I wrote a Wikipedia scraper in Python last week.
It scrapes French pages, so I must manage UTF-8 encoding to avoid errors. I did this with these lines at the beginning of my script:
#!/usr/bin/python
# -*- coding: utf-8 -*-
I also encode the scraped string like this:
adresse = monuments[1].get_text().encode('utf-8')
My first script worked perfectly fine with Python 2.7, but I rewrote it for Python 3 (especially to use urllib.request) and UTF-8 doesn't work anymore.
I got these errors after scraping the first few elements:
File "scraper_monu_historiques_ge_py3.py", line 19, in <module>
url = urllib.request.urlopen(url_ville).read() # et on ouvre chacune d'entre elles
File "/usr/lib/python3.4/urllib/request.py", line 153, in urlopen
return opener.open(url, data, timeout)
File "/usr/lib/python3.4/urllib/request.py", line 455, in open
response = self._open(req, data)
File "/usr/lib/python3.4/urllib/request.py", line 473, in _open
'_open', req)
File "/usr/lib/python3.4/urllib/request.py", line 433, in _call_chain
result = func(*args)
File "/usr/lib/python3.4/urllib/request.py", line 1217, in https_open
context=self._context, check_hostname=self._check_hostname)
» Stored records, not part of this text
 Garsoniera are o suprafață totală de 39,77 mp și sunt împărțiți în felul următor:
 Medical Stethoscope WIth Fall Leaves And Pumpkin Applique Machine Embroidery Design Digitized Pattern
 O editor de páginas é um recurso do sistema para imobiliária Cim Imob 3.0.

File "/usr/lib/python3.4/urllib/request.py", line 1174, in do_open
h.request(req.get_method(), req.selector, req.data, headers)
File "/usr/lib/python3.4/http/client.py", line 1090, in request
self._send_request(method, url, body, headers)
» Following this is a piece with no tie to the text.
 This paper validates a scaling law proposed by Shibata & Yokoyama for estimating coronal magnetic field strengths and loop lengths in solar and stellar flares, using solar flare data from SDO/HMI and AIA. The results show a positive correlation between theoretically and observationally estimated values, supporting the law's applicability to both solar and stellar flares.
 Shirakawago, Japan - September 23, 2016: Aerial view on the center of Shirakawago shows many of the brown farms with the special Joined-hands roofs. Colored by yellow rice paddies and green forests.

File "/usr/lib/python3.4/http/client.py", line 1118, in _send_request
self.putrequest(method, url, **skips)
File "/usr/lib/python3.4/http/client.py", line 975, in putrequest
self._output(request.encode('ascii'))
UnicodeEncodeError: 'ascii' codec can't encode character '\xe9' in position 58: ordinal not in range(128)
I don't understand why, because it worked fine in Python 2.7... I published a version of this WIP on Github.
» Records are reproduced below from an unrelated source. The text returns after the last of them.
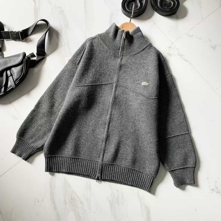Lacoste simple stand-collar zip-up knitted cardigan jacket-5893
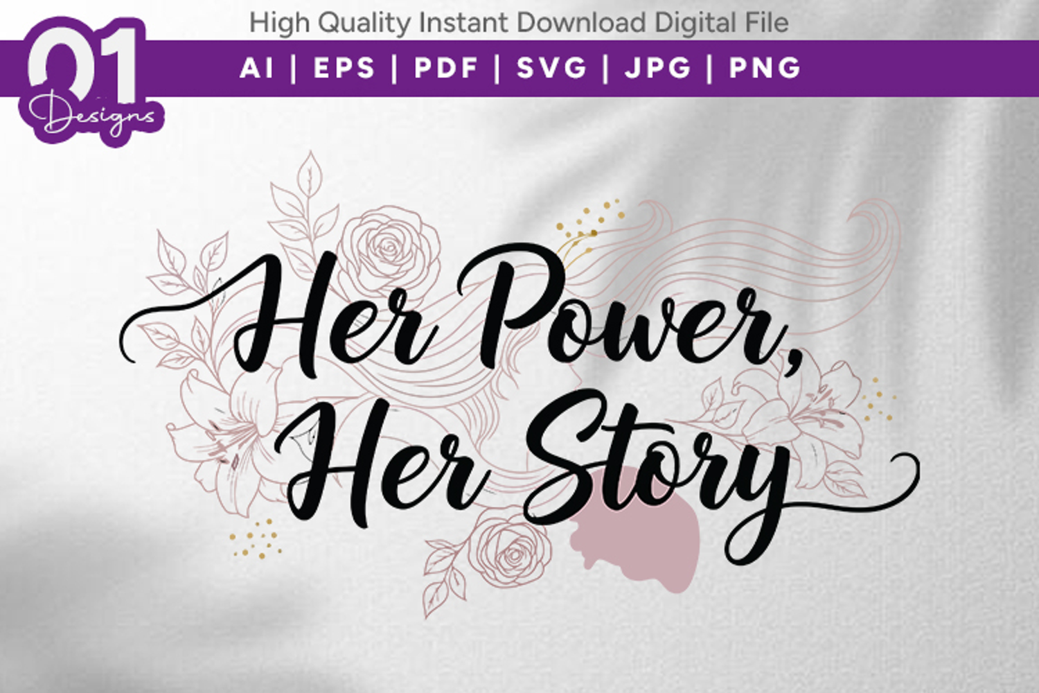 Celebrate women and empowerment with this elegant quote design: “Her Power, Her Story.” Featuring modern script typography with delicate floral line art and soft accents, this file is perfect for t-shirts, mugs, tote bags, stickers, wall art, journals, and sublimation crafts. A perfect choice for Women’s Day, March 8 projects, and inspirational gifts for her.
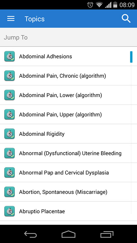 Once in topics section, you can select a condition by either scrolling down, or using the search function that is both fast and accurate. It will also prevent you from typing in the letter that won't return any entry, which is neat.

You are passing a string which contain non-ASCII characters to urllib.urlopen
, which isn't a valid URI (it is a valid IRI or International Resource Identifier, though).
You need to make the IRI a valid URI before passing it to urlopen
. The specifics of this
depend on which part of the IRI contain non-ASCII characters: the domain part should be encoded using Punycode, while the path should use percent-encoding.
Since your problem is exclusively due to the path containing Unicode characters, assuming your IRI is stored in the variable iri
, you can fix it using the following:
import urllib.parse
import urllib.request
split_url = list(urllib.parse.urlsplit(iri))
split_url[2] = urllib.parse.quote(split_url[2]) # the third component is the path of the URL/IRI
url = urllib.parse.urlunsplit(split_url)
urllib.request.urlopen(url).read()
However, if you can avoid urllib
and have the option of using the requests
library instead, I would recommend doing so. The library is easier to use and has automatic IRI handling.